Серьезная пошла жизнь.

Я еще какое-то время играл в визгливой, смешанной стайке девчонок и парнишек, но чаще и чаще сорванцы — по годам моя ровня — дразнили меня «недотыкой», «нюнькой», напевали: «Витька-Витенок, худой поросенок, ножки трясутся, кишки волокутся…» Дальше — того чище. «Почем кишки? По три денежки…»

Так жить нельзя. Осмелев, я «делился» с кем-нибудь, загадывая всегда одно и то же: «Бочку с салом или казачка с кинжалом?» — меня безошибочно определяли — «Бочка с салом» — и заганивали до посинения, до хриплого кашля, и дело кончалось тем, что вытуривали в шею домой, на печку, к бабушке Катерине Петровне, чтоб «ехать с ней по бревна». Я лез в драку, мешал играть, мне однажды навешали как следует! Я отправился домой, завывая не столь от боли, сколь от обиды.

— Об чем поем? — спросила бабушка.

— Ни об че-о-о-ом!..

— Ни об чем дак ни об чем…

Я еще поревел, поревел и сообщил бабушке:

— Меня в лапту не беру-ут!

— Вот дак мошенники, пятнай их! Вот дак гробовозы! Пошто не берут-то?

— Обздышливый, говорят…

— Обздышливый?! — бабушка тряско засмеялась, открыв дыроватый рот, в котором вверху воинственно торчал одинокий зуб, но внизу их было побольше.

— Тебе бы хаханьки бы все, а я играть хочу! — набычился я.

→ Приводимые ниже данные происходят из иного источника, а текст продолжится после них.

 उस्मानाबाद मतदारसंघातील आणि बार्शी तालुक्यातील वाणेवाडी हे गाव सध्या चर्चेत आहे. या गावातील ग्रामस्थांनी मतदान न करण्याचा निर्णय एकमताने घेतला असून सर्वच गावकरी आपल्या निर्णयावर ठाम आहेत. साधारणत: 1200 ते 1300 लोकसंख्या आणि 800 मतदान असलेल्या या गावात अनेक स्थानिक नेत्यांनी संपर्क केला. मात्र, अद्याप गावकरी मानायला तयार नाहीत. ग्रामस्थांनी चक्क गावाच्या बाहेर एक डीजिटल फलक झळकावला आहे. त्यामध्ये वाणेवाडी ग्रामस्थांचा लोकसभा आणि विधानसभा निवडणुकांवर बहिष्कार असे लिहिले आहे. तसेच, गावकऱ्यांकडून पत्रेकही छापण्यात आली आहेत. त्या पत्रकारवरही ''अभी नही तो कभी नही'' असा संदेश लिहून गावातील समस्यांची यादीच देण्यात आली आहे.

— Дак играй! Поди выбери палку покрепче и шшалкай каменья, шшепки, стеклушки. Подбрось и шшалкни, подбрось и шшалкни. Выучишься в кажный предмет попадать, заявисся на поляну, возьмешь лапту да ка-ак подденешь! Во как шандарахнул! Во как я умею! А вы — зас…цы!

Не медля ни минуты, я отправился во двор, выбрал тяжелую палку и начал поддавать ею щепки, комки земли, чурбаки. Дело у меня ладилось, я так увлекся, так размахался, что палка вырвалась из рук, перелетела через двор и вынесла полрамы в горнице.

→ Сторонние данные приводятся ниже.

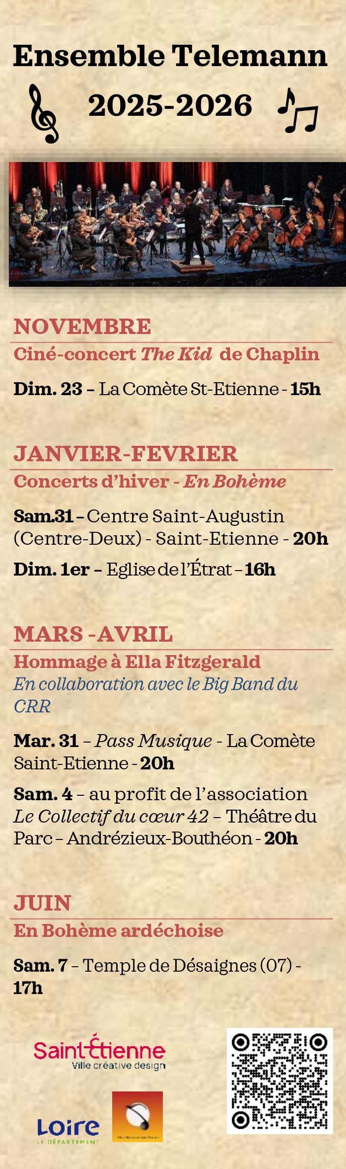 Afin de réduire les coûts (tant financiers qu’environnementaux) de ses différents concerts, l’Ensemble Telemann limite les impressions de programmes de salle et vous encourage à les télécharger ici

— То-ошно мне! — схватилась за голову бабушка, чего-то делавшая в избе. — Эт-то он што жа комунис, вытворят? Вот дак шабаркнул! Вот дак научила я на свою головушку!..

Бабушка наладилась преследовать меня и выпороть, но я уже перевалился через заплот, пятками сверкал по переулку. На берегу Енисея я отыскал сырую палку и без устали лупил ею, подбрасывая каменья.

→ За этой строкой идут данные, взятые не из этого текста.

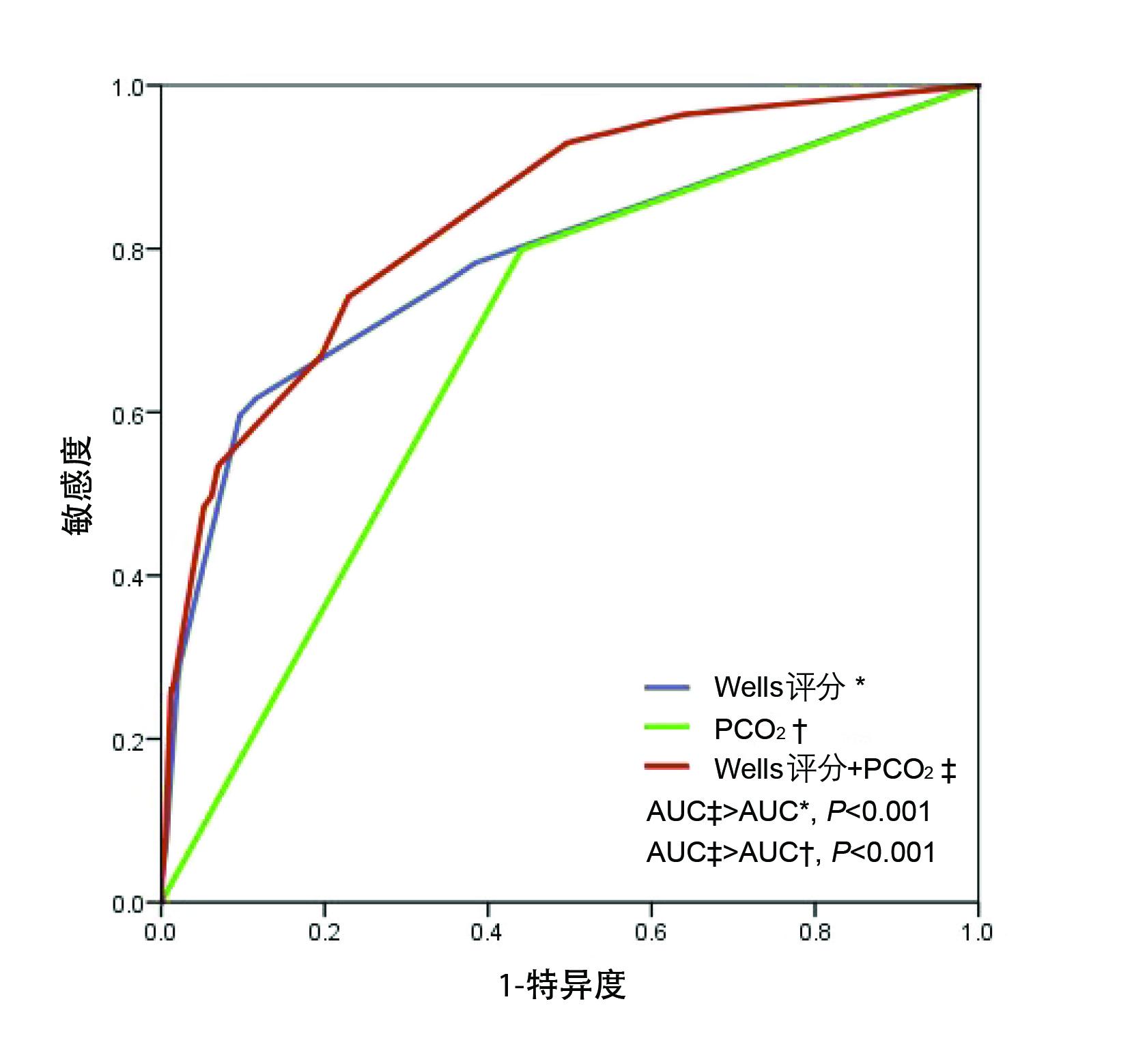 | 图 2 Wells评分、PaCO2降低及二者联合的ROC曲线比较 Fig 2 Comparison of ROC curves of Wells score, PaCO2 reduction and their combination |

Дело дошло до того, что я уже не расставался с палкой и хлестал ею по чему попало. Бабушка не только раскаивалась в своей затее, но и в панику вошла, потому что, кроме своих стекол, я повысаживал их в прибрежных банях, добил в избе дяди Левонтия, у тетки Авдотьи и раму сокрушил. Приехавший в гости Зырянов вокруг этой рамы два дня ходил с карандашом за ухом, соображая, с какого боку начать починку, и на третий вынес решенье: рама не поддается ремонту, придется делать новую.

Бабушка не успевала выслушивать жалобы и драть меня. Председатель сельсовета — Митрюха — напомнил о себе, передал бабушке еще одно строгое упреждение, но чем больше меня драли, чем чаще сулились принять крутые меры, тем упорней я добивался цели, и дело дошло до того, что сама бабушка, придя по воду на Енисей, заискивающе попросила:

— Ну-ко, шшалкни, шшалкни!

Я набрал в горсть камешков, отхукнул из себя лишний дух и так поддел глызину, что бабушка задрала голову и воскликнула:

— Эвон как зазвездил!

— Вовсе промазал! — соврал я бабушке, чтоб еще подержать ее в напряжении — где упало в воду, она не видела.

— Да нет, кажись, попал! — настаивала бабушка, пытаясь уверить меня в том, что я могу отправляться играть в лапту и, глядишь, перестану крушить стекла.

— Вот теперь смотри! — Один за другим подбросил я пяток камней и, не давши им упасть, так поддел, что бабушка с облегчением закрестилась:

— Тут и сумлеваться нечего! Всех расколошматишь! Смело вступай в дело! — и, сокрушенно качая головой, вздохнула: — Изобьет, язвило бы его, испластат обутчонки! И сам испластатца!..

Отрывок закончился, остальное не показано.